In the above-described multilevel programming, it is critical that respective threshold voltage levels have a statistical distribution of approximately 0.5 V. Consequently, as the distribution decreases by accurately adjusting the respective threshold levels, more levels can be programmed allowing the number of bits per cell to be increased.
To decrease the above voltage distribution, a technique for repeatedly programming and verifying has generally been used in the programming. In this technique, a series of voltage pulses is applied to a cell to program a nonvolatile memory cell at a desired threshold level. A reading process between the respective voltage pulses verifies whether the cell reaches the desired threshold level. During verification, when the verified threshold level value reaches the desired threshold level value, the programming process stops.
In the system for repeatedly programming and verifying, it is difficult to reduce the error distribution of the threshold levels due to a program voltage pulse width. Furthermore, the algorithm of repeatedly programming and verifying requires an additional circuit, thereby increasing the peripheral circuit area of a chip. Moreover, this method increases the programming time.
To eliminate the above-stated drawbacks, R. Cernea of SunDisk Co. introduced a simultaneous programming and verifying technique (U.S. Pat. No. 5,422,842). FIG. 1A shows the symbol and circuit diagram of the EEPROM of Cernea. The EEPROM cell consists of a control gate 1, a floating gate 2, a source 3, a channel region 4, and a drain 5.
When a voltage sufficient to cause programming is applied to control gate 1 and drain 5, a current flows between drain 5 and source 3. The current is compared to a given reference current to generate a programming completion signal when the current is equal to or less than the reference current. This process is illustrated in FIG. 1B.
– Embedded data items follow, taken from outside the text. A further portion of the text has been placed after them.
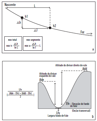 Na fórmula apresentada para a obtenção do índice RDEtotal (RDEt), ∆h é a diferença altimétrica entre dois pontos extremos de um segmento ao longo de um curso de água (nascente e a foz). Ln corresponde ao logaritmo natural do canal e L é a distância entre a nascente e a desembocadura. De forma similar, para o índice RDEsegmento (RDEs), ∆h é a diferença altimétrica entre dois pontos do canal em que o índice está sendo calculado; ∆l corresponde à projeção horizontal do segmento em evidencia e L é o comprimento total do curso de água acima do ponto para o qual o índice está sendo calculado (figura 5a).
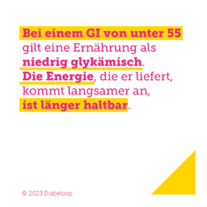 Bei einem glykämischen Index von unter 55 gilt eine Ernährung als niedrig glykämisch. Der Zucker aus einer Ernährung mit einem niedrigen Glykämischen Index gelangt langsamer in den Blutkreislauf. Die Energie, die er liefert, kommt langsamer an, ist aber länger haltbar.
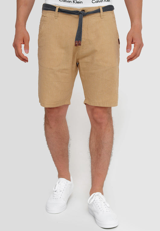 Diese stilvollen Herrenshorts vereinen Komfort und Eleganz in einem lässigen Design. Das feine, durchgehende Streifenmuster verleiht ihnen eine klassische und zugleich moderne Optik. Sie sind mit einem Knopf- und Reißverschluss ausgestattet und verfügen über Gürtelschlaufen für zusätzliche Styling-Möglichkeiten. Ein passender, geflochtener Stoffgürtel mit dekorativen Lederdetails sorgt für eine stilvolle Ergänzung. Die Shorts bieten zwei seitliche Eingrifftaschen sowie eine kleine Logo-Applikation an der Seite. Das leichte und atmungsaktive Material gewährleistet ein angenehmes Tragegefühl und macht sie ideal für Freizeit- und Sommeroutfits. Herren Enford Shorts mit Kordelzug aus 45% Baumwolle & 55% Leine
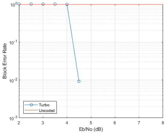 - MathWorks, Estimate Turbo Code BER Performance in AWGN. Available online: https://www.mathworks.com/help/comm/ug/estimate-turbo-code-ber-performance-in-awgn.html (accessed on 20 May 2019).
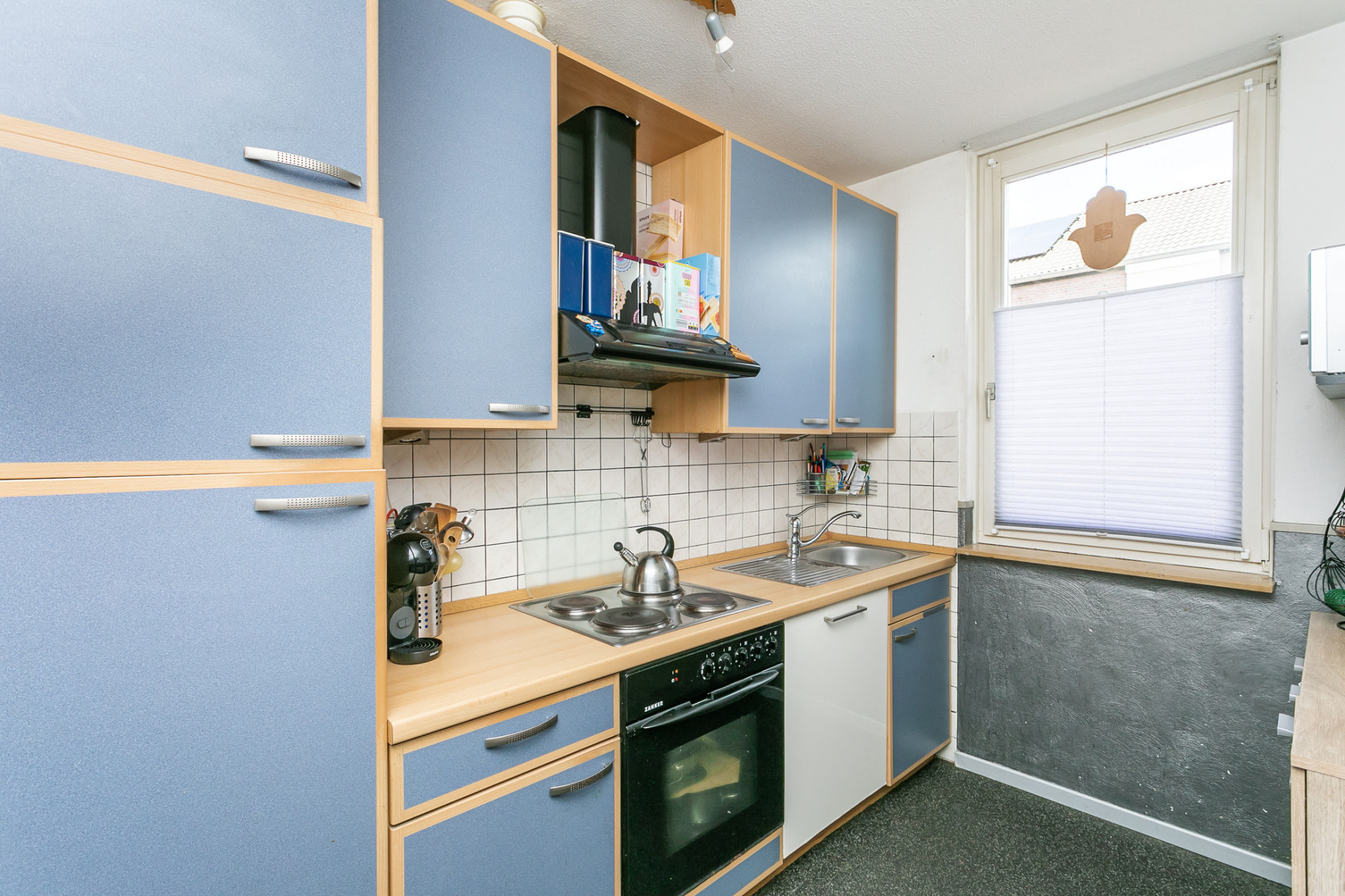 Aan de voorzijde bevindt zich de gesloten keuken, voorzien van een functionele inbouwkeuken. Het gastentoilet is gemoderniseerd en voorzien van een fonteintje.
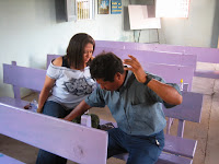 He is taking on more responsibility for facilitating the Monday night DVD teaching for pastors. This picture shows him praying for Abigail, translator for our 2006 healing seminar.
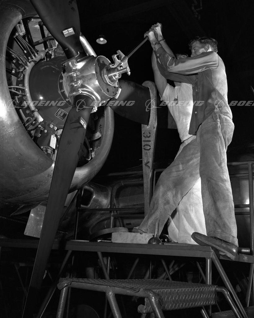 A Douglas "Rosie" in Long Beach Rivets a Boeing B-17 Tail
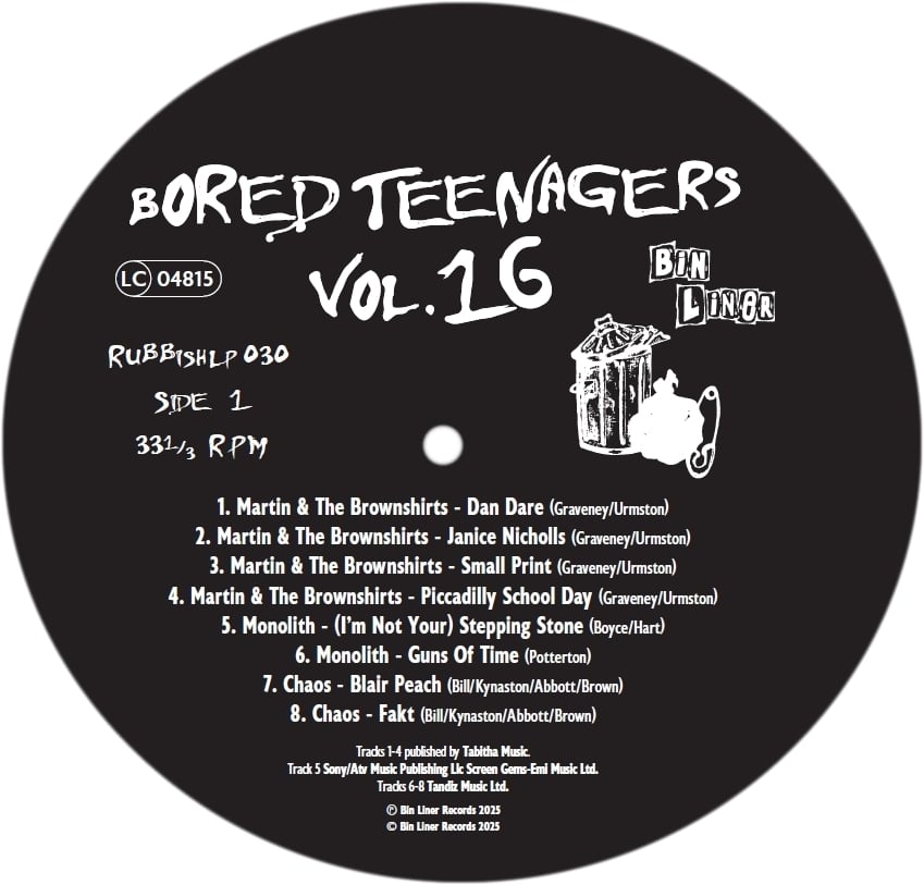 Latest edition of long-running series that chronicles long-lost UK Punk gems circa 1977-80. 16 tracks, 6 bands and a 16 page A5 booklet. This time around we get unreleased tracks plus a rare 7" or two from the likes of MARTIN & THE BROWNSHIRTS (Chester), MONOLITH (E.London), CHAOS (Cheshire), THE ONE TAKES (Scotland), THE MOPEDS (Dorset) and THE LICE (Teeside)
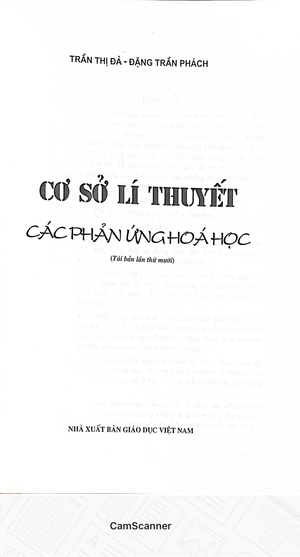 Hoá học ngày nay đang ở vào thời kì phát triển mạnh mẽ. Các vấn đề lí thuyết được hoàn thiện, mở rộng và đổi mới. Các thành tựu trong nghiên cứu và trong sản xuất ngày càng đa dạng, phong phú. Các phương pháp thực nghiệm ngày càng tinh vi và hữu hiệu đã làm cho kho tàng kiến thức hoá học ngày càng đồ sộ hơn. Trước bối cảnh đó, cả người học, người dạy và người nghiên cứu càng phải nắm vững cơ sở lí thuyết của những biến đổi hoá học, trước hết là của các phản ứng hoá học. Cuốn sách này nhằm cung cấp những kiến thức về : Cơ sở của Nhiệt động lực học hoá học. Cơ sở của Động hoá học. Mối liên hệ giữa thành phần, cấu tạo và tính chất của chất tan, dung môi và dung dịch, đặc biệt là những hiểu biết mới về dung môi lỏng và sự sonuat hoá. Lí thuyết axit - bazơ và phản ứng axit - bazơ, đặc biệt là việc phân biệt lực axit - bazơ trong nước và trong dung môi khác với nước. Độ axit trong và ngoài phạm vi thang pH. Phản ứng oxi hoá - khử, cơ chế phản ứng, lực oxi hoá - khử, đặc biệt là những ứng dụng của phản ứng oxi hoá - khử trong công nghiệp hoá chất, trong lĩnh vực môi trường và trong cuộc sống thường ngày. Các nội dung trên được viết ở hai mức độ khác nhau : mức độ cơ bản và mức độ nâng cao. Các mục có ghi dấu * là những kiến thức nâng cao, mở rộng và đi sâu vào cơ sở lí thuyết các phản ứng hoá học. Bằng việc kết hợp hai yêu cầu cơ bản và nâng cao, chúng tôi hi vọng rằng cuốn sách này không những là giáo trình giảng dạy cho sinh viên các ngành có học môn Hoá học mà còn đối với cả sinh viên các năm cuối và học viên cao học các trường Đại học và Cao đẳng thuộc chuyên ngành Hoá học. Đồng thời cuốn sách còn là tài liệu tham khảo cho giáo viên Trung học phổ thông, giảng viên hoá học các trường Đại học, Cao đẳng và các cán bộ nghiên cứu hoá học.
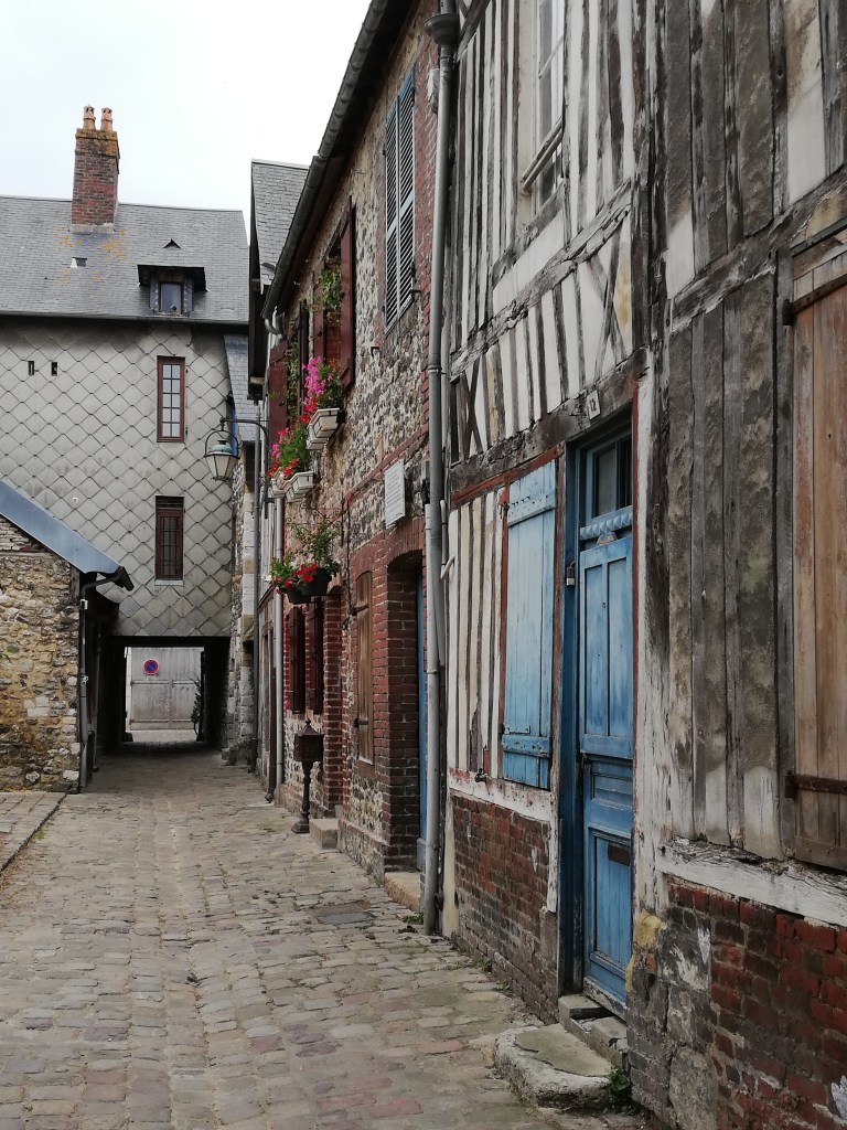 We hebben de brug bekeken, tijd om er over te rijden richting Honfleur. Hier zullen we deze namiddag ook vertoeven. Thuis hebben we al een adres voor een parking opgezocht. De GPS leidt ons via smalle straatjes, terwijl de parking ook bereikbaar zou zijn geweest via een andere straat. De parking staat goed vol, maar we hebben geluk. Er rijdt juist iemand weg. We doen onze regenjassen aan, want de buienradar voorspelt toch wat regen. Uiteindelijk duurde het nog een hele tijd voor die voorspelde regen er was, maar de regenjassen hebben we zeker nodig gehad.
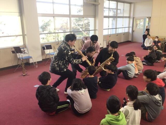 金曜日に荒尾総合文化センター主催の音楽アウトリーチ事業がありました。モデトロ・サクソフォン・アンサンブルの4名の方の演奏を、3年生以上が生で体験させていただきました。子どもたちは素晴らしい演奏に夢中になっていました。素晴らしい機会をくださった文化センターのみなさん、モデトロのみなさん、そして関係者のみなさんに心からお礼申し上げます!
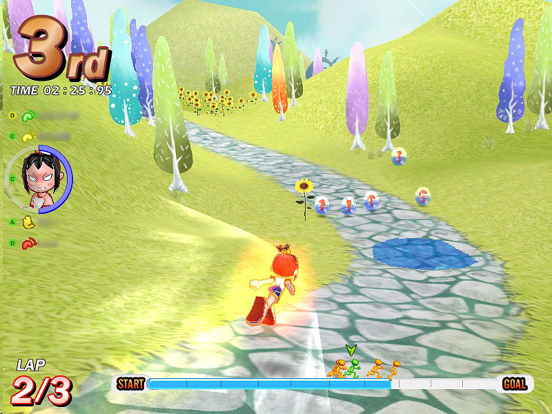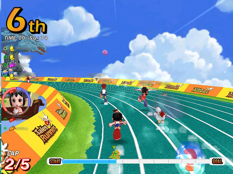 テイルズランナーはレースゲームである。説明するまでもなく,レースゲームというのは,車やカートなどを運転し,サーキットや溶岩のお城,ときには虹の上なんかを走ってゴールを目指し,ラップタイムを競うというゲームジャンルだ。しかしながら本作と,今キミの頭になんとなく浮かんだであろうレースゲームとでは,一つ大きな違いがある。それは,本作のレースの種目がカーレースではなく,(主に)徒競走だという点だ。

In this technique, the programming state is automatically verified at the same time as the programming to slightly counteract the drawbacks of repeatedly programming and verification. However, the threshold voltage level applied to control gate 1 of the memory cell is not adjusted.
U.S. Pat. No. 5,043,940 to Harari performs the multilevel programming by changing reference currents corresponding to respective levels. As shown in FIG. 1B, the reference currents for verification are not explicitly or linearly related to the threshold voltages of a cell. Therefore, the multilevel cannot be directly and effectively controlled in the current-controlled method.